Ce tableau plein de charme fut présenté à Paris, au Salon de 1903 où il fut vraisemblablement acquis par le négociant textile roubaisien, Henri Selosse qui le légua au musée en 1924. Il est l’œuvre d’un peintre américain qui passa la plus grande partie de sa vie en France où il était venu, en 1870, suivre l’enseignement de Gérôme et de Bonnat. Parmi les dernières œuvres de Weeks, La princesse du Bengale doit être rattachée à ses évocation du continent indien où l’artiste fit deux séjours, en 1882 et en 1892 pour répondre à une proposition du Harper’s Magazine qui souhaitait publier le récit illustré de ce périple.

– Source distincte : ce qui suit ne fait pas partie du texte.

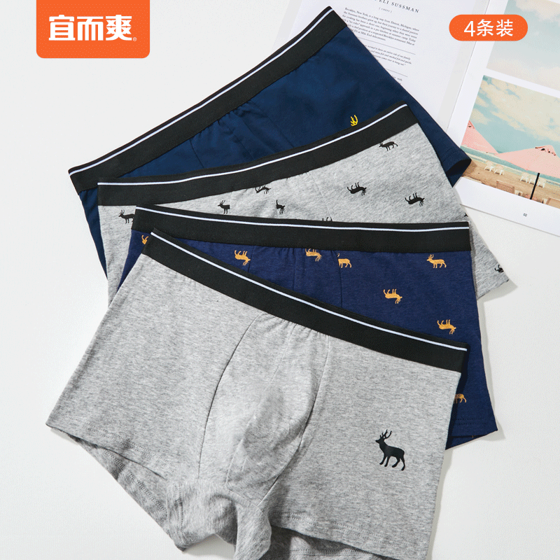 【产品名称:宜而爽内裤男士纯棉高弹印花明筋四角裤5A级抗菌夏季大码男平角裤】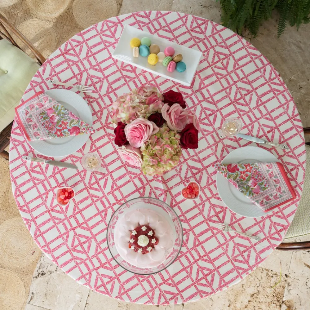 Graphic, yet sophisticated, our Bamboo Tablecloths features a geometric bamboo pattern that adds a modern, fresh touch to a Spring table setting. Available in a assorted sizes, this tablecloth is a staple for warm-weather outdoor entertaining.
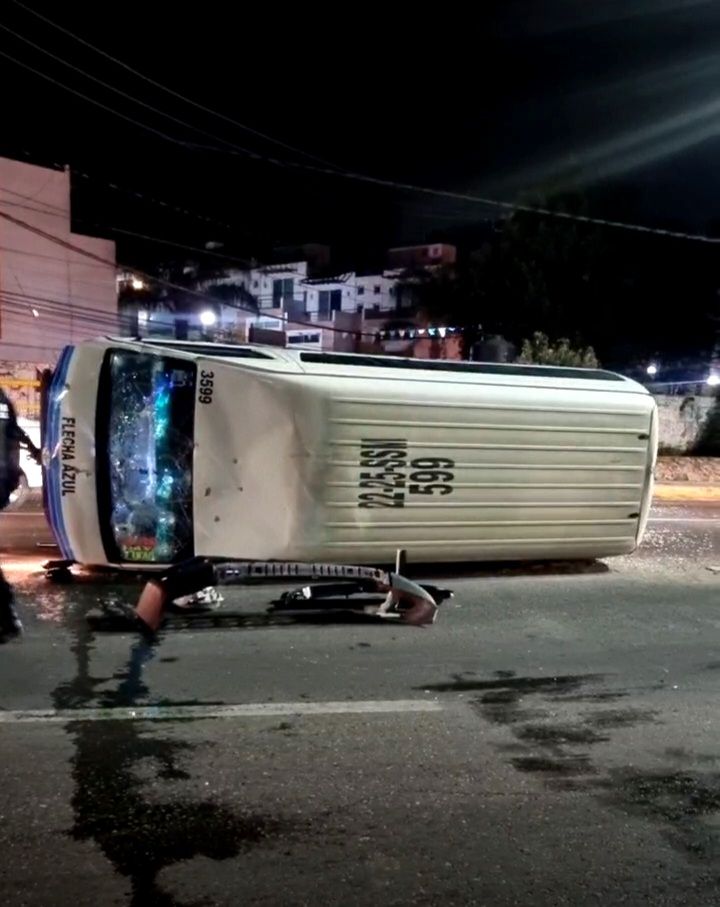 Algunos pobladores enardecidos volcaron dicha unidad responsable como presion para que fuera detenido el conductor ya que trasciende se diรณ a la fuga.
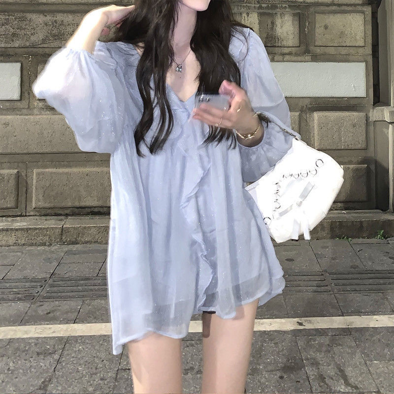 월시 별하늘 러플 쉬폰 셔츠 여성 순수한 욕망 스타일 긴팔 셔츠 초가을 신상 탑 디자인 투피스 세트스토어 가기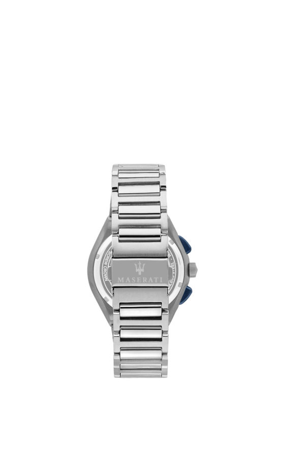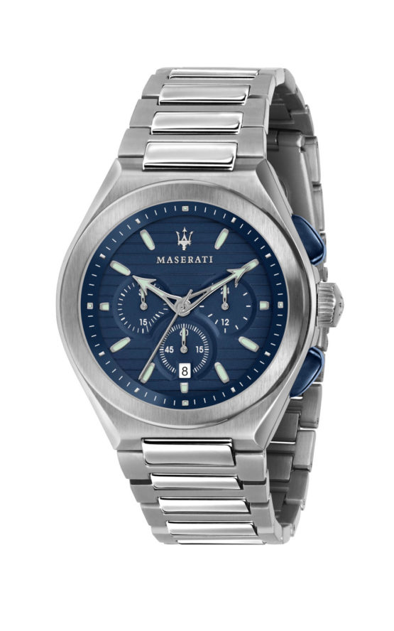 Ανδρικό ρολόι MASERATI TRICONIC R8873639001 διαμέτρου 43mm, με μηχανισμό QUARTZ χρονογράφου ακριβείας, μπλε καντράν και κάσα – μπρασελέ από ανοξείδωτο ατσάλι.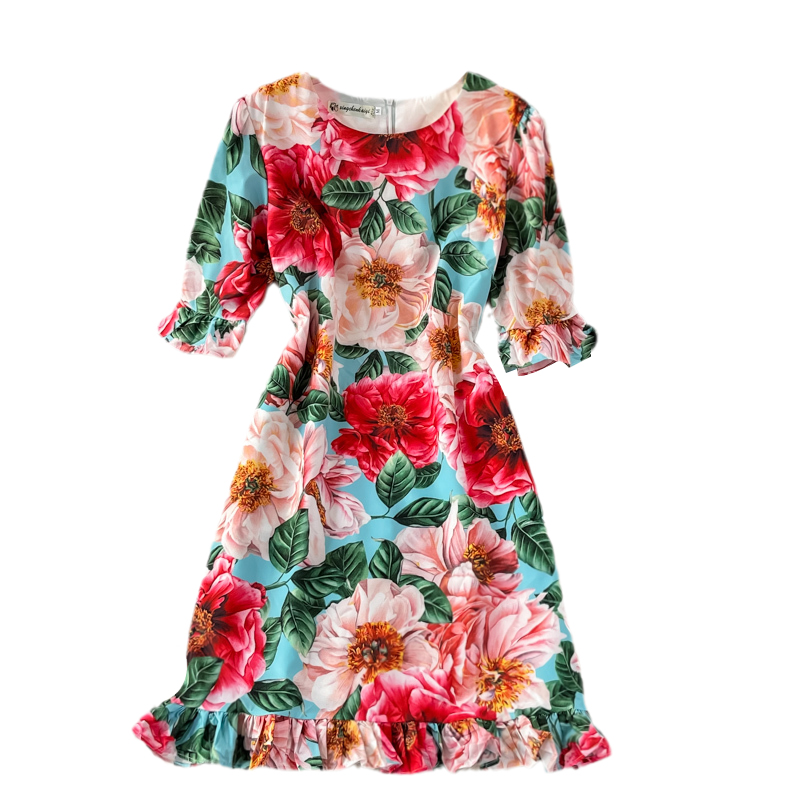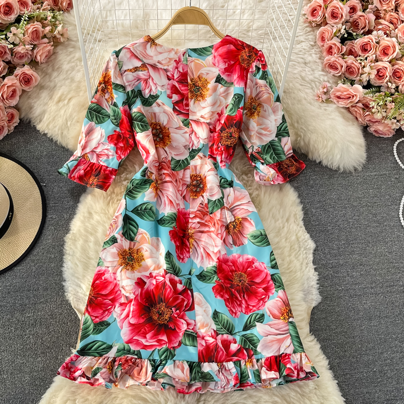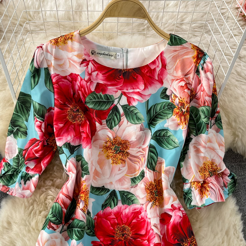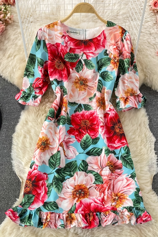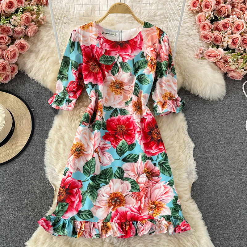 Cheap Dresses, Buy Quality Women’s Clothing Directly from China Suppliers:Summer New Fashion Elegant Graceful round Neck Flared Sleeves Printed Small Ruffled Dress Short Sleeve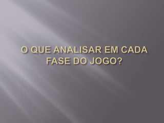 O documento descreve as principais fases da análise tática de futebol: organização defensiva, organização ofensiva, transições e bolas paradas. Ele explica como cada fase será analisada em termos de comportamento, estrutura e qualidade, dependendo do modelo de jogo da equipe.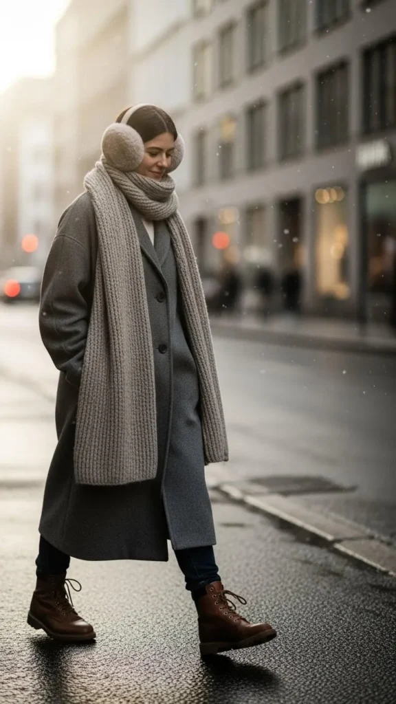 This works especially well when the rest of your outfit is minimal. Earmuffs add texture and warmth near the face, which draws attention upward.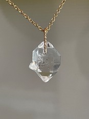 自然に研磨されたような滑らかな表面と、ダイヤモンドのような強い光沢が特徴。未加工のままでも美しい結晶形を持ち、きらめく輝きが魅力です。「ハーキマーダイヤモンド」という名前は、ニューヨーク州ハーキマー郡で産出されることから名付けられました。ダイヤモンドではなく、水晶の一種です。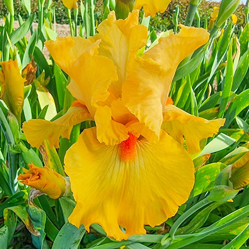 Another Breck’s exclusive from our own breeding program, this wellbranched iris delivers large, 5" blooms in striking cadmium orange,set off by bold, deep orange beards. Not officially a rebloomer, but it has surprised us with late-summer blooms in our trial fields.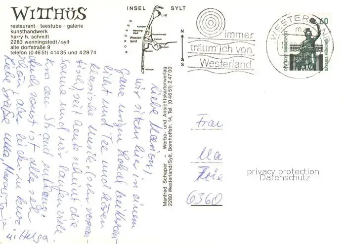 Wenningstedt_Sylt Restaurant Teestube Galerie Witthues Wenningstedt_Sylt postalisch gelaufen nach 1965 Erhaltung siehe scans [KathaD81] Kathoren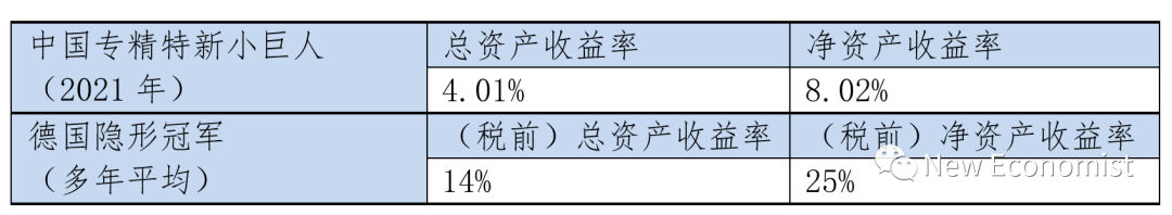 资料来源:作者收集与计算上表中的中德企业的资产收益率计算,很可能存在计算口径上的差异,即德国企业为税前总资产收益率,而中国企业可能为税后总资产收益率。但即使将德国企业的资产收益率调整为税后,也可以肯定,德国隐形冠军企业创造经济效益的能力,明显高于中国专精特新小巨人上市企业。对这些企业创新能力进行衡量,则可从更深层次来认识它们创造经济效益的能力。德国隐形冠军的研发投入强度达到6%,是一般德国公司的2倍,其创新效率是大企业的25倍;而且许多隐形冠军企业并不申请专利;即使在成熟行业,隐形冠军的创新也层出不穷,而且它们特别重视持续改良式创新。中国专精特新小巨人企业在创新方面也有优良表现。一项统计分析显示,中国专精特新小巨人于2021年共有专利申请48.18万件,平均每户98件,不过这还是明显低于德国隐形冠军每户大约200件的水平;其中有效发明专利平均每户只有13件;专精特新小巨人在A股上市和新三板挂牌的企业,研发投入强度的中位数达到5.6%,远高于中证1000企业的3.7%和创业板全部企业的4.8%。可以看出,中国专精特新小巨人企业中的上市和挂牌公司,研发投入强度已接近德国隐形冠军企业,不过所积累的专利数量则少得多。此外,中国专精特新小巨人企业的专利质量,或者技术含量和有用性,可能也不太高。浙江大学管理学院与安永研究所分析了中国719家上市或挂牌的专精特新小巨人企业的有效发明专利,发现只有8家企业有专利自引用行为,这8家公司的自引用率平均值为0.35,最大值为0.5,其中7家公司仅有1次自引用,另一家公司有2次自引用。这可能从一个侧面表明这些发明的价值偏低。三、一些启示中国将持续有力推进世界一流企业的建设,选入一流示范企业和一流专精特新示范名单的企业,以及选入其他有关名单或获得某些支持的企业,还会继续增加。这些企业及其他许多企业,也在努力提高产品质量和管理水平、努力强化创新和升级。不过从经济效益视角来看,中国被广泛认为比较接近于世界一流的那些企业,与美国、德国的同层次、同行业企业相比,还有明显差距。尽管中国许多行业龙头企业,特别是大型国有企业,以及一些专精特新企业,现在非常注重于保障产业链供应链安全、攻克“卡脖子”技术和实现科技自立自强,以及维护国民经济命脉和社会民生稳定,但是也不应忽视在经济效益上追求世界一流。强大的创造经济效益能力,既是衡量企业竞争力的最终指标,也是持续提高竞争力的根本保障,更是企业高质量发展的有力体现。即使一些创新型企业,相当长时间里,必须大量“烧钱”而造成财务亏损,但一方面也需要以快速的业务增长来证明“烧钱”是值得的,并以此提高在资本市场估值和继续获得投资,另一方面,终究还是需要创造经济效益。特别是资产收益率,比较集中地体现了资本要素投入的创造价值能力,较高的资产收益率意味着投入的资本要素更少、创造的价值更多,意味着更接近于集约型而非粗放型发展方式。即使企业在一个时期的保供能力强,甚至专利授权多,或者市场估值高,但如果处于长期、持续的低盈利状态,甚至亏损状态,企业最终也难以继续保供、创新、融资,或者还会对宏观经济运行和经济增长模式造成负面影响。因此,追求一流效益,应成为建设世界一流企业的一个重要方面。中国那些大企业,和更多的专精特新企业,要显著地改善经济效益,首先还是应该在产品质量和档次上下功夫。德国隐形冠军企业的产品通常有10%—15%的溢价,因为,它们通常以卓越的产品性能和品质来赢得市场份额。如此幅度的产品溢价将会带来经济效益的提高。其次,应该持续不懈地致力于创新。中国许多专精特新小巨人企业的研发强度已经接近于德国隐形冠军企业,但坚持五年十年不难,坚持二三十年和四五十年不易,因为一些高额的创新投入可能十几年都见不到成果,从而引发放弃的思想。此外,许多创新并不具有革命性,而是通过长期改良才能集腋成裘。再次,经营管理、工艺技术的精益化非常重要。仅有创新精神,忽视工匠精神,也难以涌现数量较多的世界一流企业。最后,在数字化时代,借助于数字化加快企业升级转型,并且构建和融入数字化生态,也非常重要。对于国有企业而言,应该加快市场化改革和公司治理转变。国家则应该为各类企业创造公平竞争的市场环境,并为整个社会营造诚实、厚道、有合理良好预期的长期主义发展环境,就这一点而言,能否涌现出一批世界一流企业,不仅仅是企业界的事情。

L’orientalisme prend ici l’aspect d’une romance. La palette claire est empruntée à l’impressionnisme qui triomphe alors et qui est adapté à une scène de genre conventionnelle. Le traitement de la lumière est remarquable et crée une impression de chaleur et de torpeur exotiques. La place du palais qui semble ne jamais s’achever et la solitude protégée du couple aux riches costumes expriment un luxe romanesque qui est l’une des constantes de l’orientalisme dont Weeks est assurément un maître pour l’art américain du XIXème siècle.